3 Other Work (outside of assignment)
Apart from the assignment, I also tried the other code in our course book.
# 3.2
train_data = read.csv('train.csv', header = TRUE, fileEncoding = 'UTF-8')
# Generate equidistant points -- Vector
x = seq(6,20,by = 0.1)
y = 2^(x)
plot(x,y)# Rounded
samp = round(y)
# elete data in 1:51,69:90
samp = samp[-c(1:51)][-c(69:90)]
n = length(samp)
n1 = length(train_data[,1])
data0 = na.omit(train_data[,'Age'])
N = length(data0)
# Attribute Age - 177 data missing
missing_count_age = n1 - N
rate1 = N/n1 ; rate2 = missing_count_age/n1
pie(c(missing_count_age,N),labels = c('missed\n177 (19.9%)','non_missed \n714 (80.1%)'),
col = rainbow(2, alpha = 0.2))+
title(main = 'The missing value proportion diagram')## integer(0)
# data1 -> Delimit each variable into its corresponding interval and return
# the region to which it belongs
data1 = cut(data0, breaks = c(0, (1:7)*10, max(data0)))
View(data1)
# table function used to count
PD = table(data1)/N # calculate frequency
View(PD)
hist1 = hist(data0, breaks = 10, xlab = 'Age', ylab = 'counts', col = rainbow(8, alpha = 0.4),
main = 'TitanicAge distribution histogram')# rep -- > repeat
Q = rep(0,n)
View(Q)
J = NULL
## Simple random sampling
set.seed(1)
# There are only 714 pieces of data, so you can't do anything in the book
# Rewrite the samp
samp = c(1:7)*100
samp = as.matrix(samp)
n = length(samp)
func1 = function(count){
p = sample(data0, count)
p = c(p, matrix(NA, 1 ,samp[n] - length(p)))
return (p)
}
# apply -> Samp is mapped into the variables through Func1,
# with the second variable 1 being mapped by rows and 2 by columns
ma = apply(samp, 1, func1)
func2 = function(data_sample){
# Minus NA -> data_sample_1
data_sample_1 = cut(na.omit(data_sample), breaks = c(0, (1:7)*10, max(data0)))

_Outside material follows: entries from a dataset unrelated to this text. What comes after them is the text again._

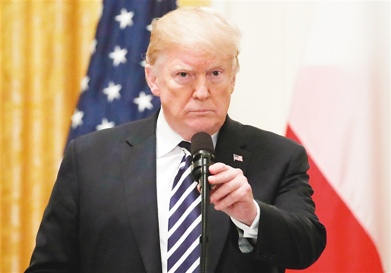 9月18日,美国总统特朗普在华盛顿白宫出席与波兰总统杜达(未见于画面)举行的联合记者会。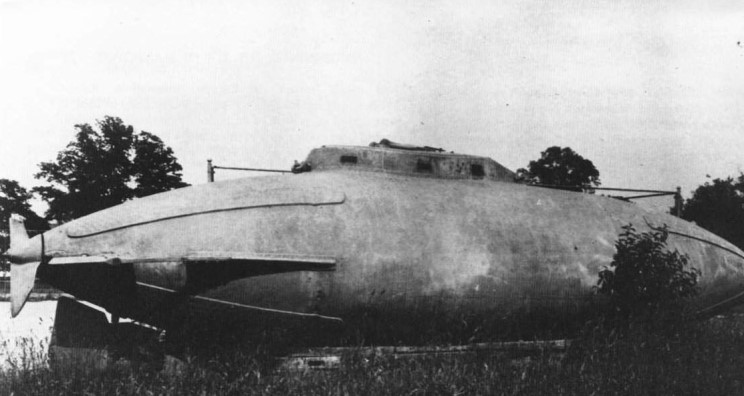 When finished the little submarine was 14' long and weighed 2 1/2 tons and was fitted with a gas powered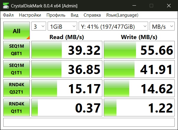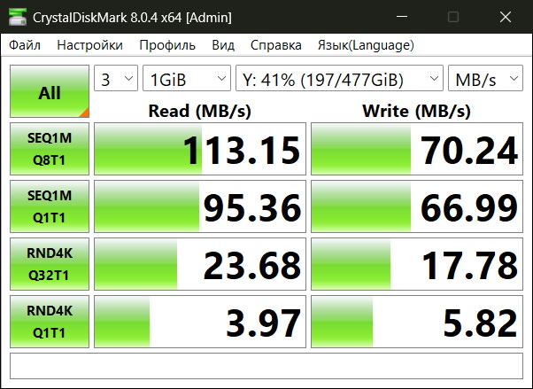 По Wi-Fi же скорость резко падает. Даже в Wi-Fi 7, даже при максимальной скорости линка 2800 Мбит/с чтение получается в районе 40 мегабайт, а запись около 56. Жить можно. И для раздачи мультимедийного контента, даже повышенной чОткости, этого с запасом. Но от четырех ядер на частоте 2 ГГц ждешь более ярких результатов. Иначе – зачем они тут?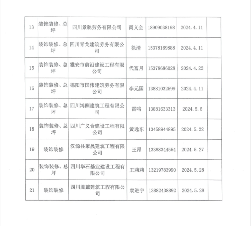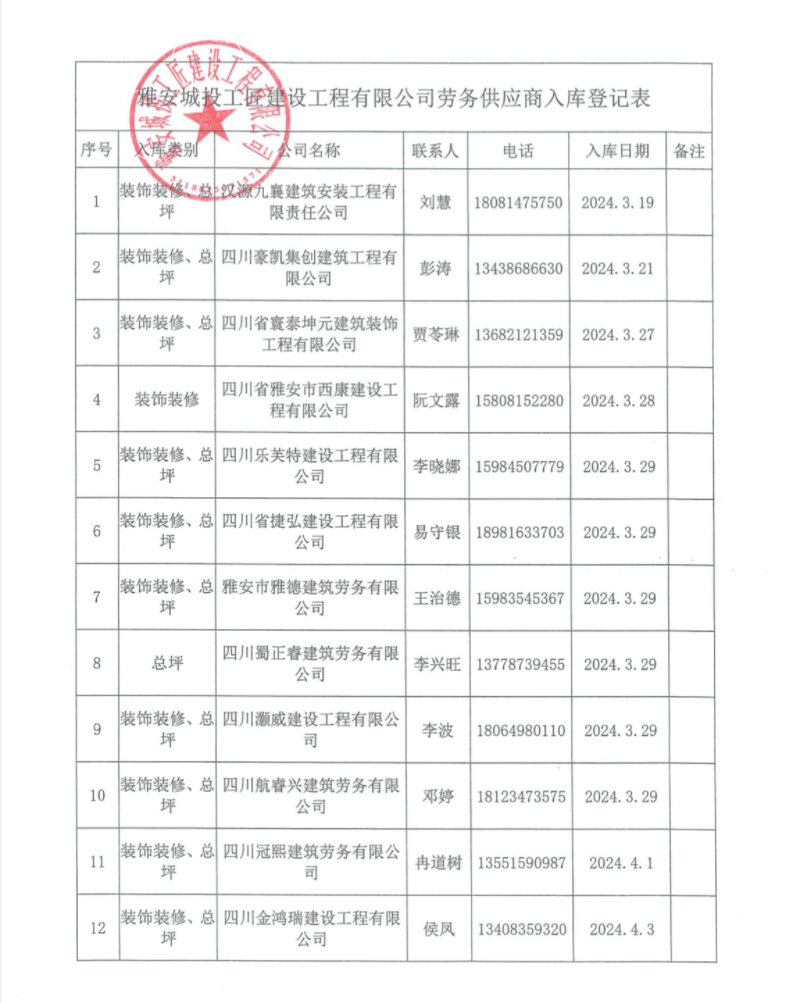 雅安城投工匠建設(shè)工程有限公司勞務(wù)供應(yīng)商入庫登記表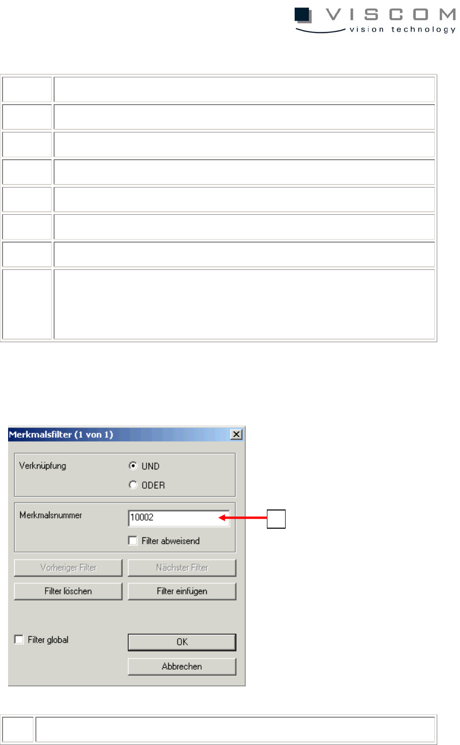reject filter active = the selected feature number will be ignored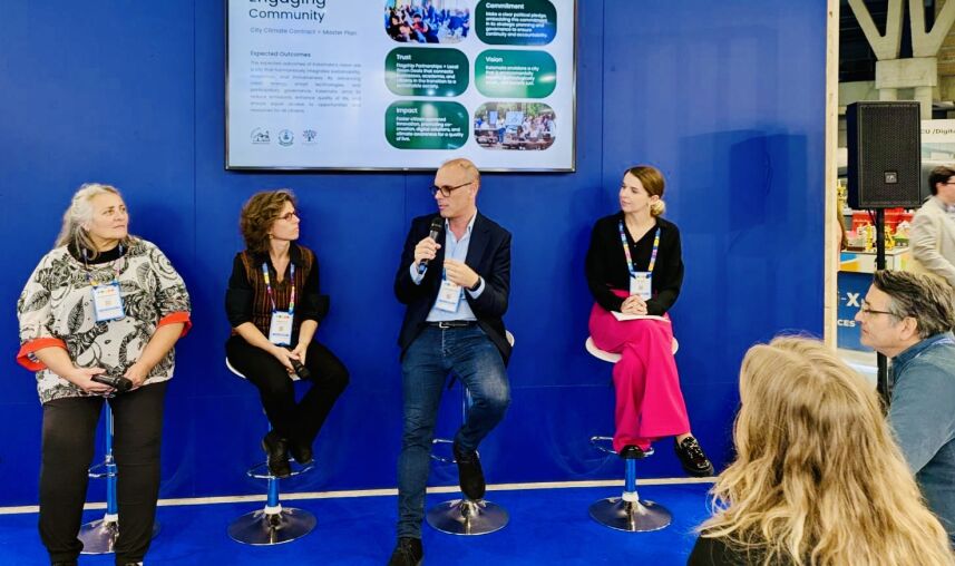 Τον Δήμαρχο Καλαμάτας, εκπροσώπησε ο Αντιδήμαρχος Στρατηγικού Σχεδιασμού, Ψηφιακής Διακυβέρνησης και Κλιματικής Ουδετερότητας Βασίλης Παπαευσταθίου. Κατά τη διάρκεια του πάνελ, ο κ. Παπαευσταθίου παρουσίασε τον τρόπο με τον οποίο η Καλαμάτα μετατρέπει τις ευρωπαϊκές πολιτικές δεσμεύσεις για κλιματική ουδετερότητα σε απτά αποτελέσματα, εστιάζοντας: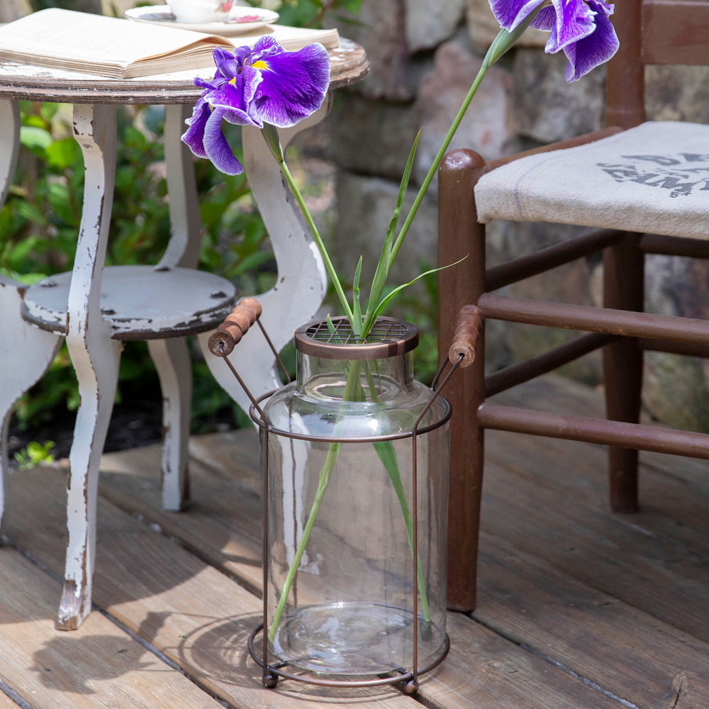 Bring a floral touch to a room with our Milk Can Flower Frog Vase. Grand in size, this vase makes a statement on a table and would create a beautiful bouquet. The glass milk can sits in an antique copper caddy with wood handles.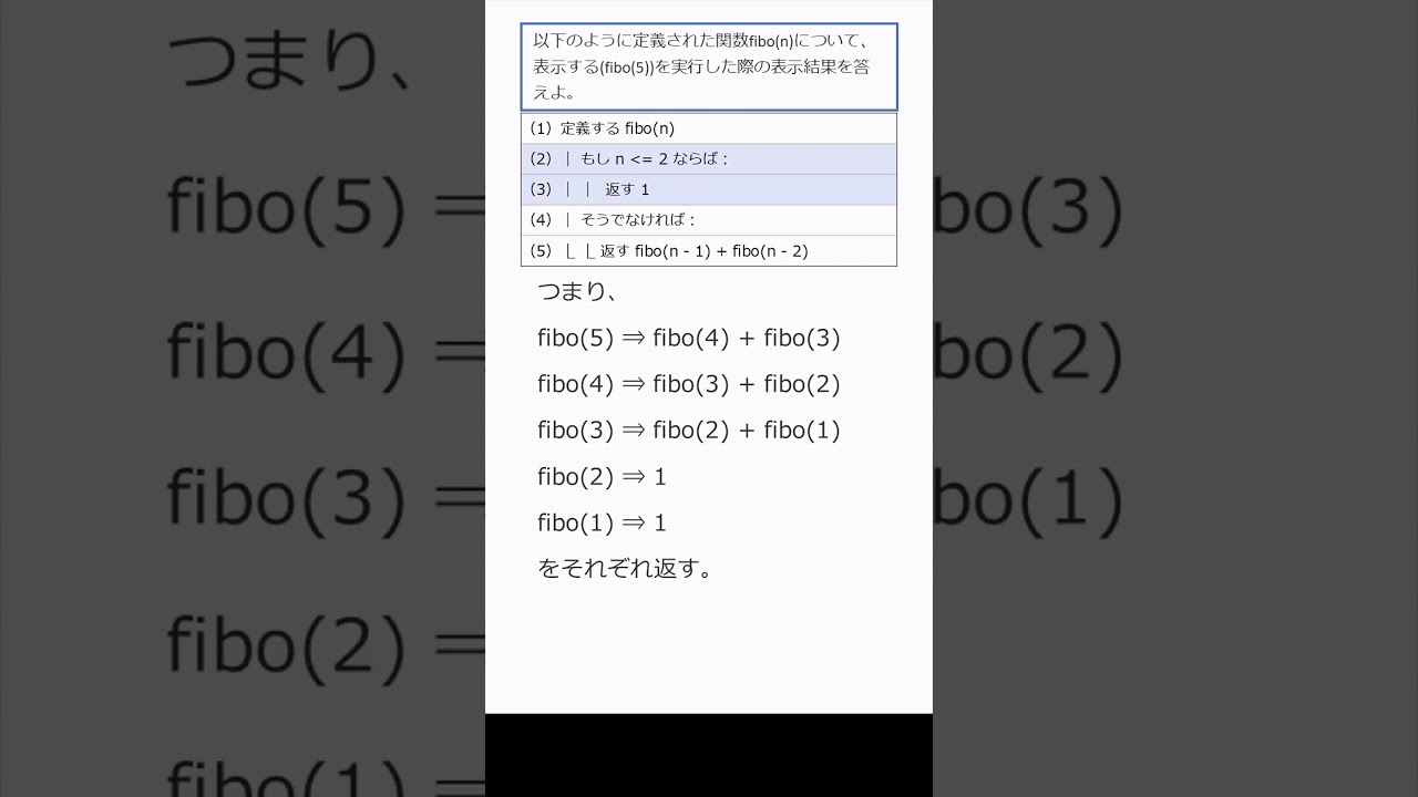 322 再帰関数でフィボナッチ数列を計算する:少し複雑な再帰関数 #shorts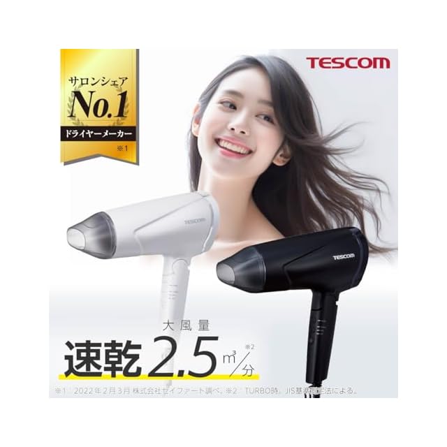 風量×風圧×ハイパワーのベストバランスによって、テスコム史上最速乾(※2)を実現しました。 大風量:業界最大級(※3)の2.5m3/分(※4)(JIS基準) 大風圧:従来機種(※5)から134%にUP ハイパワー: 1400W(※6)のパワーで大風量でもしっかり温かい風を送ります。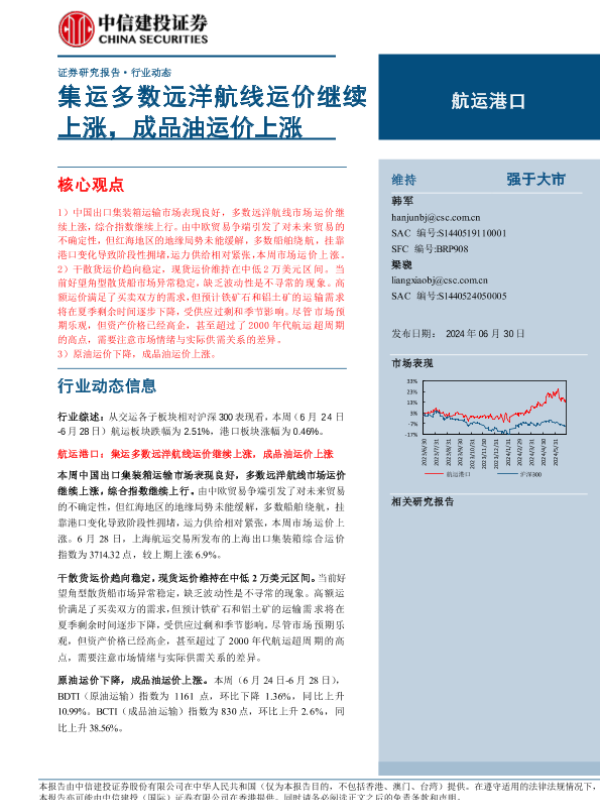 【中信建投证券】【20240630】航运港口行业:集运多数远洋航线运价继续上涨,成品油运价上涨-24页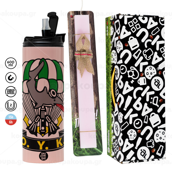 Ο.Υ.Κ., Πασχαλινή Λαμπάδα με ΡΟΖ Travel Tumbler θερμό (600ml, BPA free) & κερί αρωματικό πλακέ (30cm) (ΡΟΖ)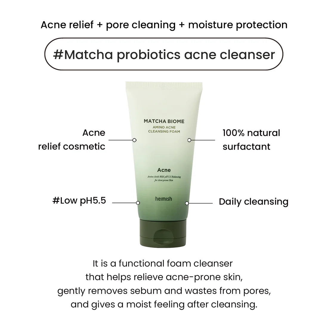 The Heimish Matcha Biome Amino Acne Cleansing Foam is a gentle yet effective cleanser specifically formulated for acne-prone and sensitive skin.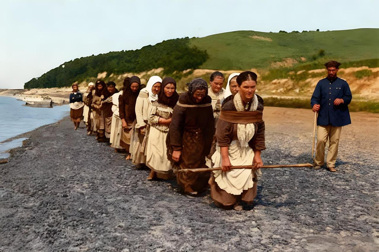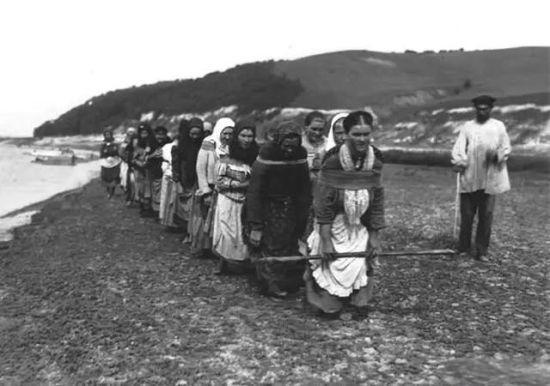 这张摄于1900年的老照片,将沙俄统治时期乌克兰底层女性的生存困境,定格在伏尔加河畔的一段纤绳上——画面里,几名女性躬身拖拽着河中的木船,身后站着一名男子,以监督者的姿态,将阶级与性别的双重压迫,刻进了浑浊的河风里。 1900年的沙俄女性(尤其是底层女性)几乎没有政治权利、受教育权利与经济独立权。根据当时的《沙俄民法典》,已婚女性的财产需由丈夫支配,未婚女性需依附父亲或兄长,若家庭贫困,女性常被 “出租” 或强制参与重体力劳动以换取家庭生存资源 —— 拖船、田间耕作、纺织厂苦工是当时底层女性最主要的三种劳动形式。 据沙俄帝国1897年人口普查与 1900 年《伏尔加河航运报告》记载,当时伏尔加河中下游(包括乌克兰东北部沿岸)的纤夫中,女性占比约 35%,主要来自失去土地的农民家庭。她们的日薪仅为男性纤夫的1/2甚至1/3,且需承担更长的劳动时间(每天10-12 小时),监督者多为航运公司雇佣的 “工头” 或地主指派的管家,有权对 “怠工” 者实施鞭打、克扣口粮等惩罚。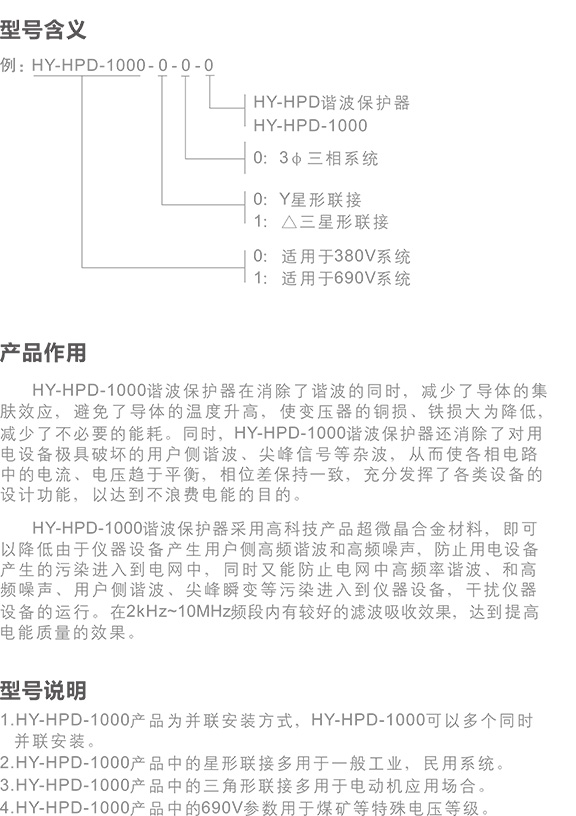 HY-HPD-1000諧波保護器實現在諧波環境下保護各種精密控制設備, 如電腦、PLC、傳感器、無線設備、CT機、DCS等,使漆免受諧波危害。 采用HY-HPD-1000諧波保護器減少了儀器設備的故障率和機器誤操 作,提高了設備的運行效率和使用壽命,全面克服了由于用戶側高次諧 波造成的電能質量惡劣,導致設備損耗,性能失常,造成不必要的損失。 HY-HPD-1000完全符合IEC61000-4-5,IEC60939-1-2等標準。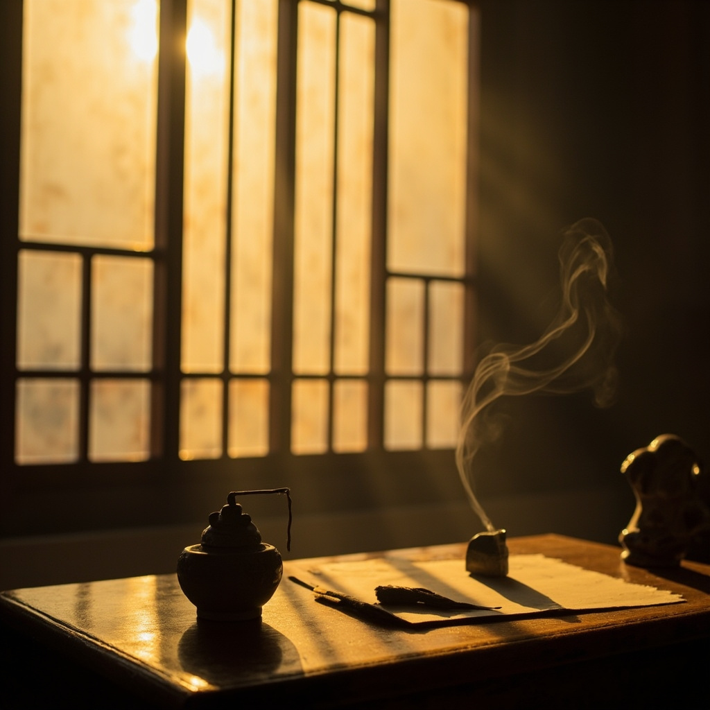 The room is still dark when you wake. You light a single thin stick of incense and set it in the small bronze burner on your desk. Within minutes, the fragrance begins to thread through the air — light, resinous, alive. By the time sunlight finally presses through the paper screen, your mind is already somewhere quieter.

# Notice that the data0 here means the population distribution
PS = table(data_sample_1)/length(na.omit(data_sample)) + 0.0000000001
J = sum( (PS-PD) * (log(PS/PD)) )
q = exp(-J)
return (q)
}
# Output data quality values
Q1 = apply(ma, 2, func2)
barplot(Q1, names.arg = c(1:7)*100, col = rainbow(7, alpha = 0.4),
xlab = 'Sample size', ylab='Sample quality', ylim = c(0,1)) +
title('Sample quality change')## numeric(0)
## Stratified sampling
str = length(levels(data1))
View(data1)
# Merge column vectors. Note that when you merge, data1 columns
# no longer hold intervals, but indexes of intervals
data2 = cbind(data0, data1)
func3 = function(s){
p = NULL
for(j in 1:str){
samp2 = NULL
samp2 = sample( (1:N)[data2[,2] == j], round(s*PD[j]) )
#(1:N)[data2[,2] == j] Equivalent to return index
p = c(p, samp2)
}
res = c(data0[p], matrix(NA, 1, samp[n] + 5 - length(p)) )
# Why? + 5 - len(p)
# Explanation:round -> When taking an integer may abandon 0.4,
# so need to do a +5 processing, to prevent the occurrence of negative numbers!!
print(length(p))
return(res)
}
mb = apply(samp, 1, func3)## [1] 100
## [1] 199
## [1] 300
## [1] 401
## [1] 501
## [1] 599
## [1] 700
Q2 = apply(mb, 2, func2)
barplot(Q2, names.arg = c(1:7)*100, col = rainbow(7, alpha = 0.4),
xlab = 'Sample size', ylab='Sample quality', ylim = c(0,1)) +
title('Sample quality change')## numeric(0)
# 3.3 Probability sampling
# clear work space
rm(list = ls())
library(sampling)
# Simple random sampling
data = read.csv('train.csv', header = TRUE)
names(data)## [1] "PassengerId" "Survived" "Pclass" "Name" "Sex"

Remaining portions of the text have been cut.